Figure 8: Precision-recall curve analysis of LBAAA-OMLMD technique

Figure 9: ROC curve analysis of LBAAA-OMLMD technique

In the final stage, the comparative study of the LBAAA-OMLMD model with existing models has carried out in Table 2 and Fig. 10. The experimental results indicated that the LBAAA-OMLMD model had gained effectual classification results. Concerning accuy, the LBAAA-OMLMD model has offered an increased accuy of 94.82%, whereas the Naïve Bayes (NB), random forest (RF), spider monkey optimization (SMO), decision stump, AdaBoost, and DNAact-Ran models have obtained reduced accuy of 78.52%, 84.43%, 85.68%, 75.83%, 83.22%, and 87.91%.

Figure 10: Comparative analysis of LBAAA-OMLMD algorithms (a) Accuy, (b) Precn, (c) Recal, and (d) Fscore

Also, concerning recal, the LBAAA-OMLMD method has rendered an increased recal of 94.43%, whereas the NB, RF, SMO, decision stump, AdaBoost, and DNAact-Ran algorithms have gained reduced recal of 79.99%, 81.09%, 80.73%, 81.73%, 80.44%, and 78.53%. Besides, for Fscore, the LBAAA-OMLMD system has provided an increased Fscore of 94.50%, whereas the NB, RF, SMO, decision stump, AdaBoost, and DNAact-Ran techniques have acquired a reduced Fscore of 78.20%, 78.05%, 83.55%, 82.63%, 81.98%, and 78.74%. The above-mentioned result analysis confirmed the better performance of the LBAAA-OMLMD model over other models.

5  Conclusion

In this study, an effective LBAAA-OMLMD model was developed for the identification and classification of ransomware in Computer Networks. The presented LBAAA-OMLMD model follows a three-stage process, namely feature selection, classification, and parameter tuning. Initially, the LBAAA-OMLMD model employed the LBAAA-FS model to reduce the curse of the dimensionality problem. Followed the ESN-based classification with an FPA-based parameter tuning process performed. The FPA model helps to appropriately adjust the parameters related to the ESN model to accomplish enhanced classifier results. The experimental validation of the LBAAA-OMLMD model is tested using a benchmark dataset, and the outcomes are inspected under distinct measures. The comprehensive comparative examination demonstrated the betterment of the LBAAA-OMLMD model over recent algorithms. In future, advanced deep learning models can be integrated into the LBAAA-OMLMD model to improve classification efficiency.

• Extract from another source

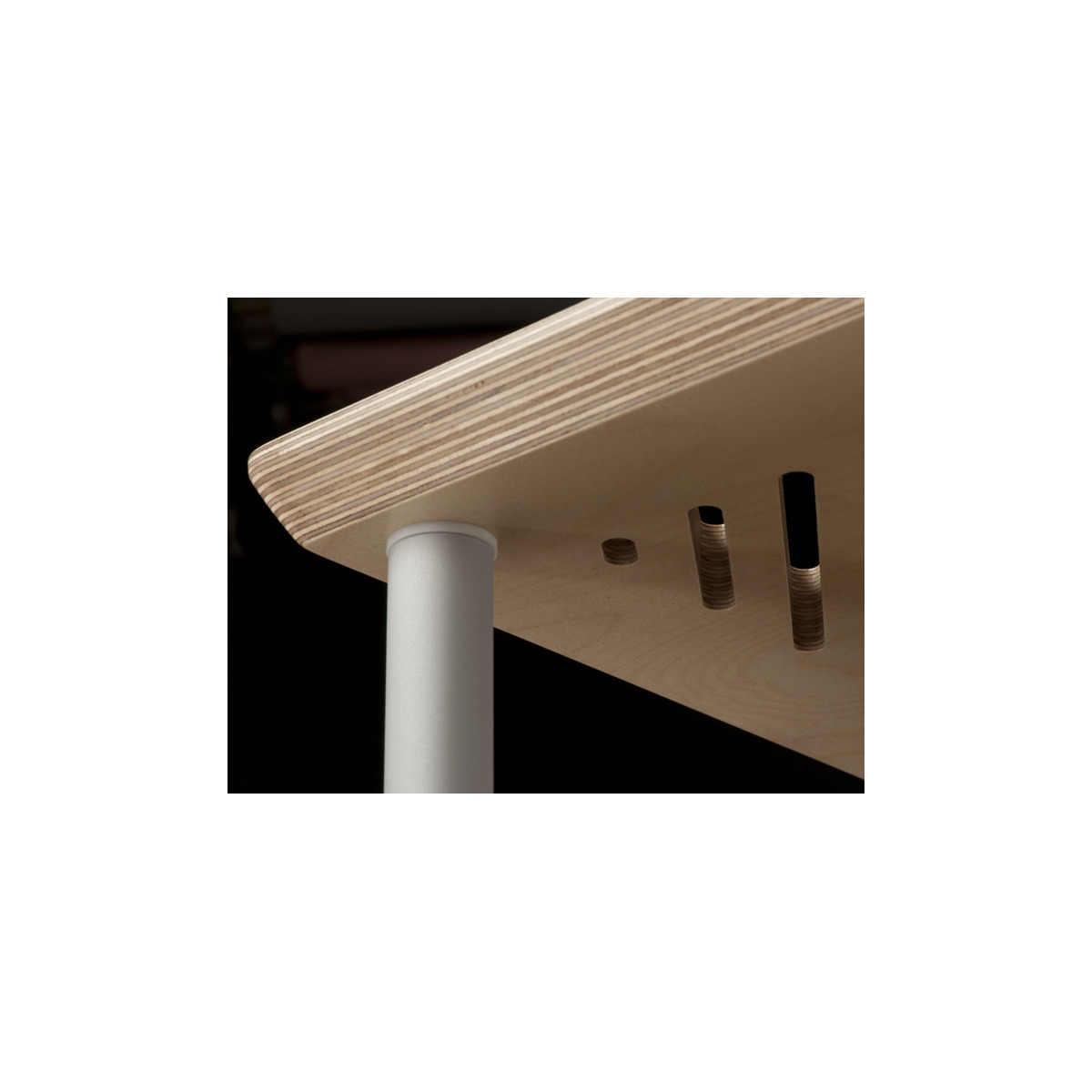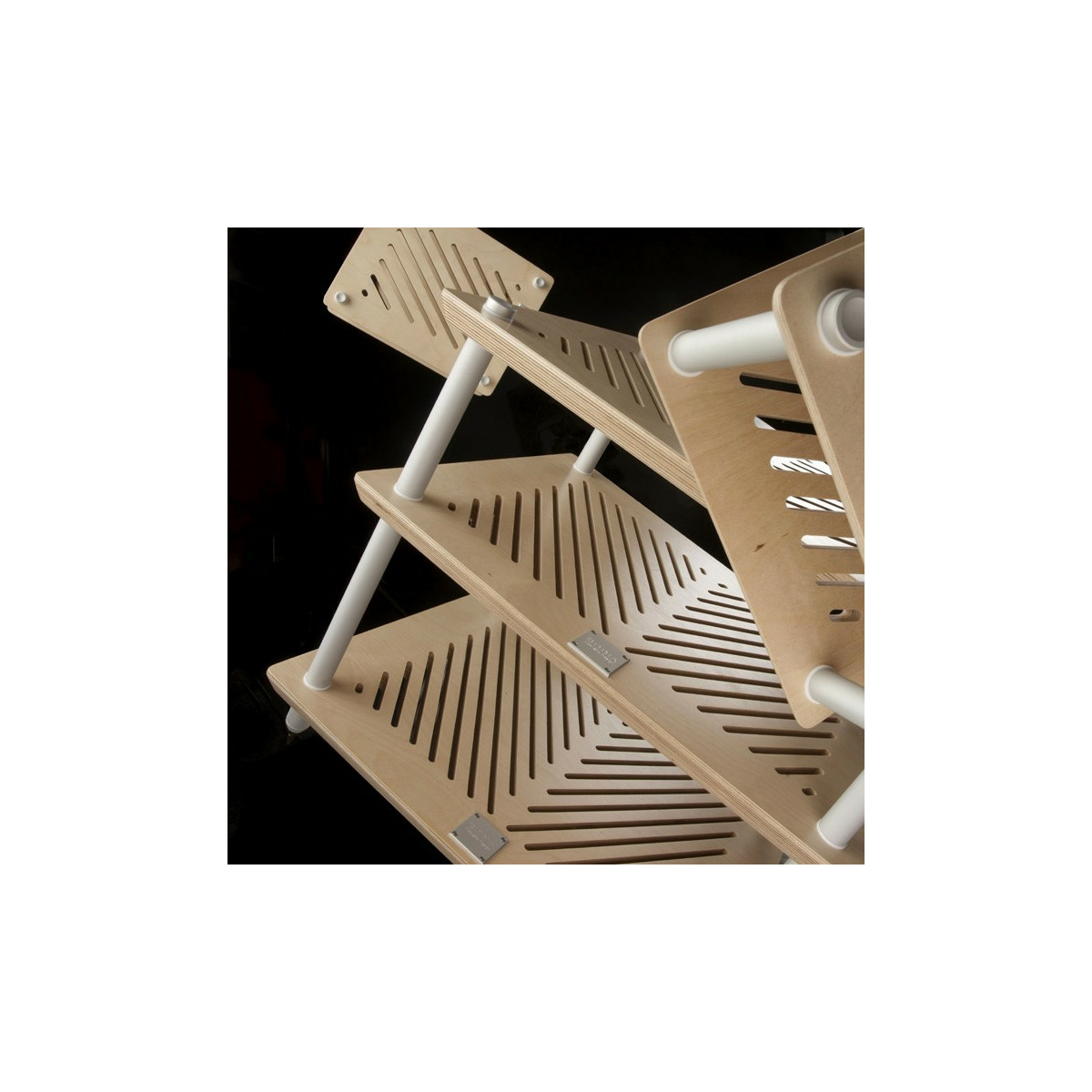 Stage 1000 is a wooden audio rack designed to reduce the effects of resonant frequencies with diagonal slits of varying lengths and solid posts.

Funding Statement: Princess Nourah bint Abdulrahman University Researchers Supporting Project number (PNURSP2022R319), Princess Nourah bint Abdulrahman University, Riyadh, Saudi Arabia. The authors would like to thank the Deanship of Scientific Research at Umm Al-Qura University for supporting this work by Grant Code: 22UQU4310373DSR34. The authors are thankful to the Deanship of Scientific Research at Najran University for funding this work under the Research Groups Funding program Grant Code (NU/RG/SERC/11/4).

Conflicts of Interest: The authors declare that they have no conflicts of interest to report regarding the present study.